Should India participate in West Asian peace process?

India’s interest in Palestine is about issues other than Palestine itself. As is true for much of the world. India’s ‘West Asia policy’ balances ties with Israel, Arab world.
By IT's Editorial Board
January 10, 2017

 

GS (M) Paper-2: “Bilateral, regional and global groupings and agreements involving India and/or affecting India’s interests”

 

Should India participate in West Asian peace process?

Introduction:

  • In November 2016, India held its first joint commission meeting with the Palestinian Authority and this week will send a representative to a Paris meeting on reviving the West Asia peace process.

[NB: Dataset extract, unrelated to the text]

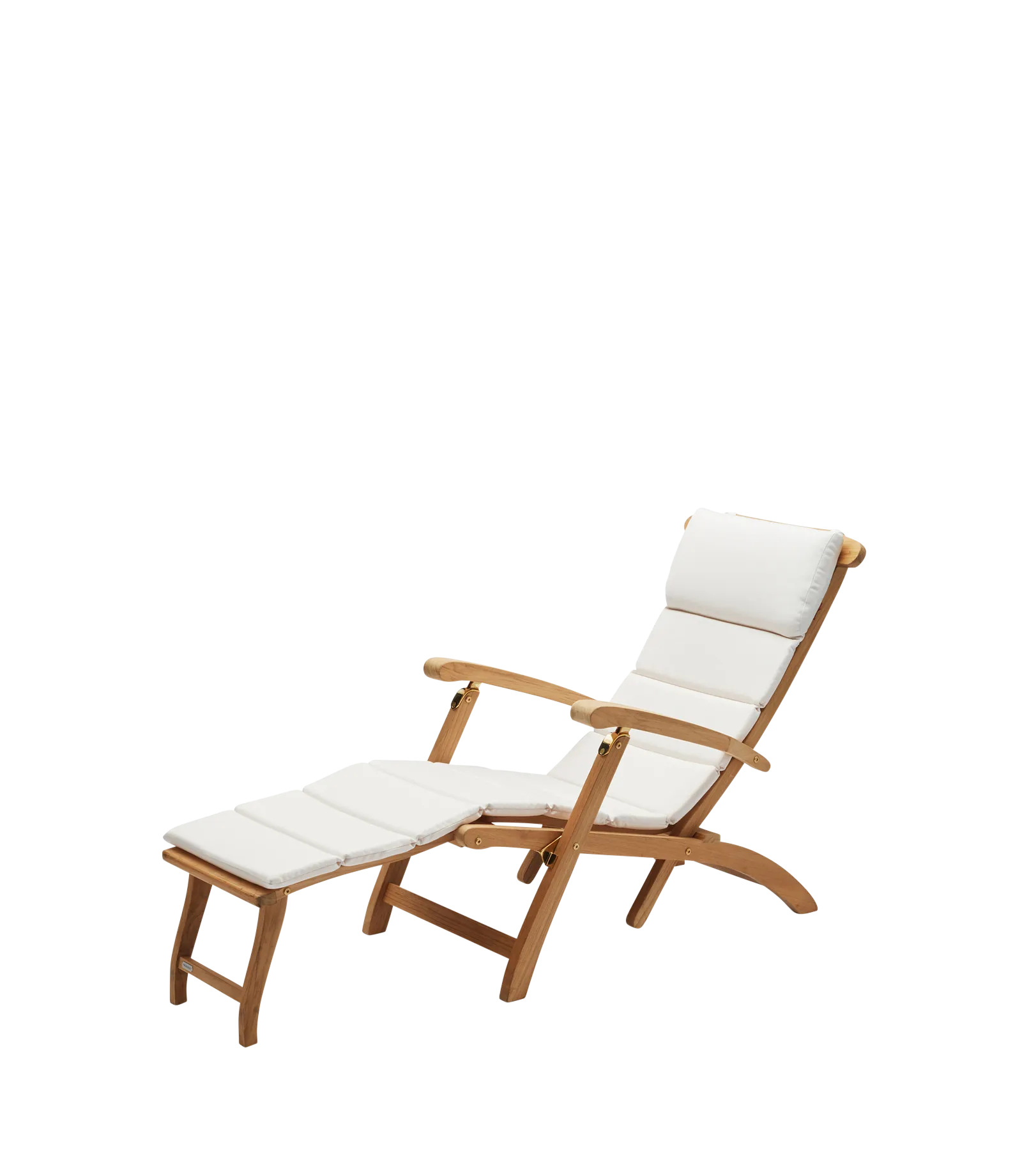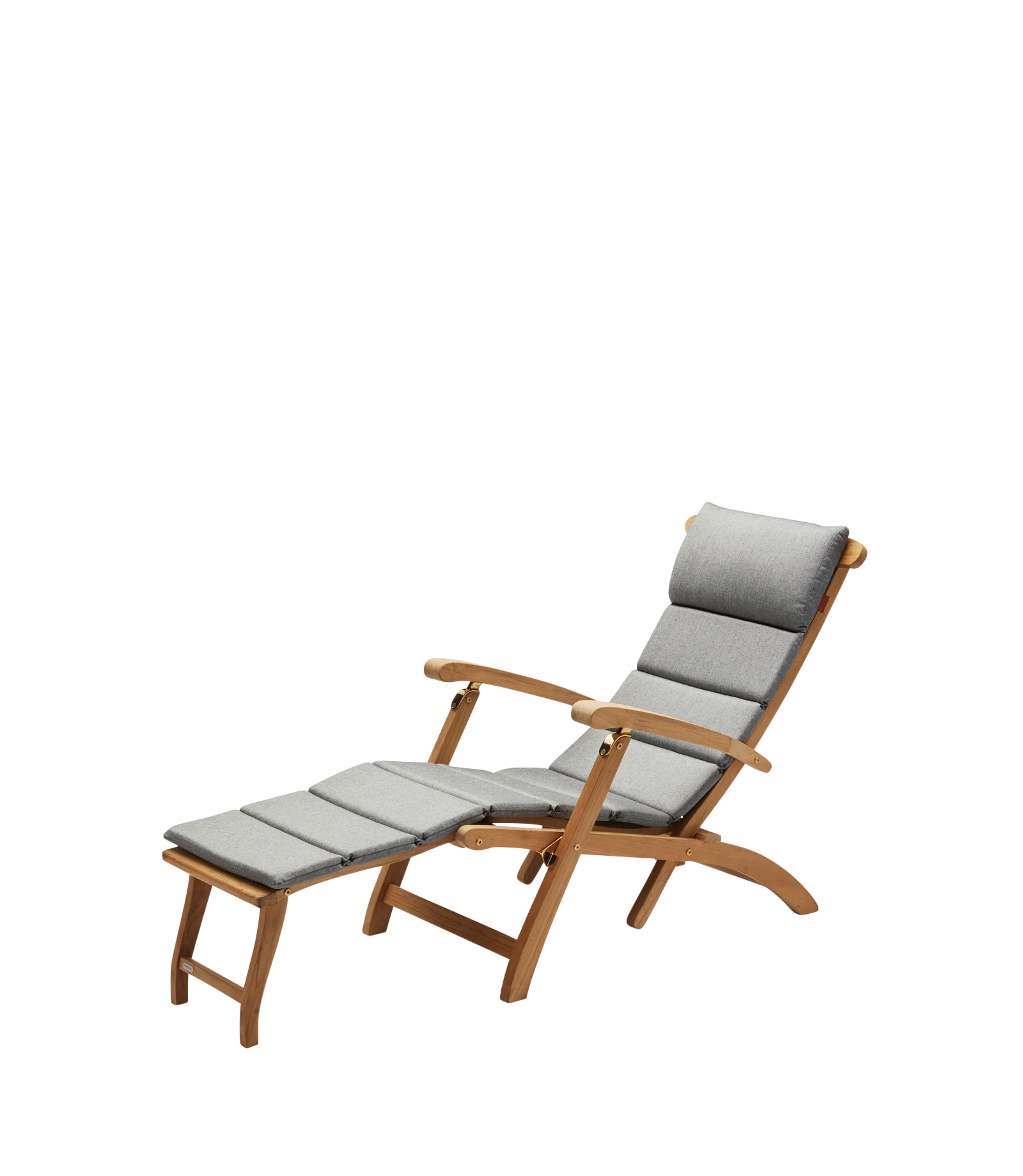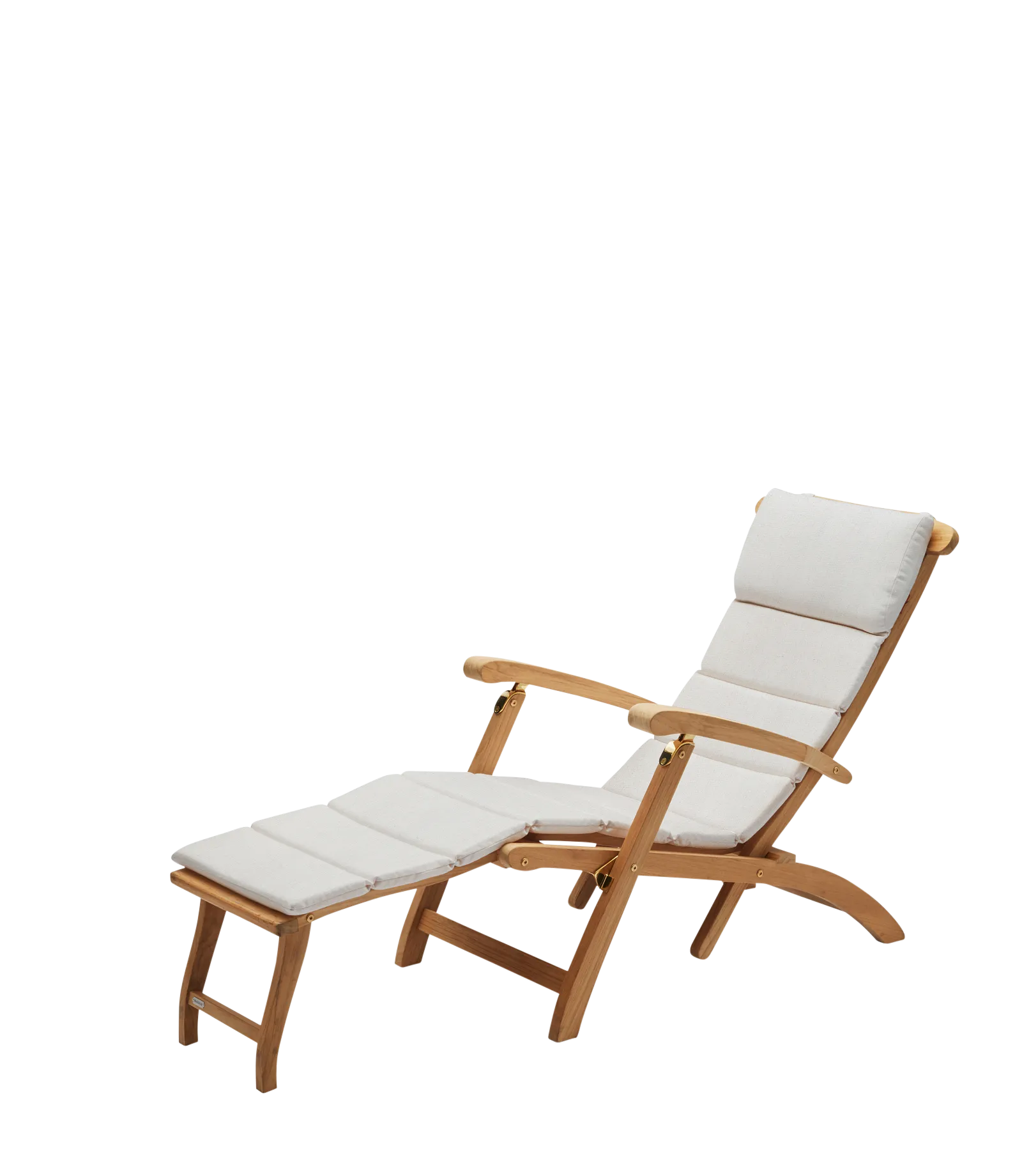 Deck Chair Cushion is custom-made for the wooden Steamer Deck Chair. The top is designed with an inserted height and two velcro straps, keeping the cushion in place. Able to withstand wind and weather, the upholstery textiles are Oeko-Tex® certified and extremely colour and lightfast as well as water and dirt-repellent and even mildew-resistant. The cushion dries exceptionally quickly, even after a heavy downpour, as the foam has an open-cell structure that allows both water and air to pass through. The foam provides a firm and comfortable texture that remains the same year after year.

ias-toppers-india-israel-palestine

Are these developments mean something?

  • None of this is path-breaking and still a far cry from the pre-1990 days when India was a vociferous supporter of the Palestinian cause.
  • But there are reasons India is considering tentative steps in this direction.

What are the reasons?

One, 

  • The transformation of relations between India and the UAE, with Saudi Arabia and Qatar a few steps behind, has meant the present government is beginning to shape what its officials call a “greater West Asia” policy.
  • Besides some standard diplomatic and economic interests, India probably sees an opportunity to reduce Pakistan’s standing in a part of the world from which it has long received blind support.
  • For example, even Morocco, the farthest outpost of the Arab world from India, is cooperating with Indian intelligence about Lashkar-e-Toiba operatives’ use of that country as a transit point.

Second,

  • Modi is personally a source of suspicion across much of the Arab and Muslim world thanks to the shadow of the 2002 Gujarat riots.

Third,

  • Part of New Delhi’s problem is that it is increasingly hard to find Arab interlocutors it is comfortable with.
  • There are few functional examples of the secular, if largely undemocratic, Arab political parties or movements that India has traditionally preferred.

Fourth,

  • India is likely to further expand its relationship with Israel.
  • Already the larger importer of Israeli arms in the world, India now has a security relationship that extends to the most sensitive defence areas like nuclear weapons technology and doctrine. Modi’s additional interest in the relationship is water.
  • Israel is the acknowledged world leader in this area and the PM wants this to be a new pillar in the relationship.

India’s stand:

  • New Delhi knows that as it becomes closer to Tel Aviv (Israel), there is an inevitable blowback in the Arab world. Showing renewed interest in Palestine is a useful means to help counter this.
  • New Delhi has used support for Palestinian nationalism as a foil to counter criticism of its shift to Tel Aviv for decades.
  • Interestingly, in the joint commission meeting the Palestinians said they were pleased to talk to India because of its presumed influence on the Israelis.
  • India’s proposal to build an infotech park in Gaza may be the most important and tangible contribution it can make to the Palestinians.

Should India participate in West Asian peace process?

  • India has neither the means and interest nor the diplomatic heft to directly involved in the West Asian peace process.
  • Even, latest polls show that support for a two-nation solution is at its lowest point among both Israelis and Palestinians.
  • For example, the outgoing Barack Obama — is a sign what the international community actually thinks about its prospects.

India’s problems:

India has other problems.

  • One of them is its refusal to deal with Hamas, the Palestinian arm of the Muslim Brotherhood, because of its dislike for non-secular Islamic groups. But to talk Palestine without Hamas is like speaking a language without vowels.

Conclusion:

  • None of this will matter for now. New Delhi’s interest in Palestine is about issues other than Palestine itself. As is true for much of the world.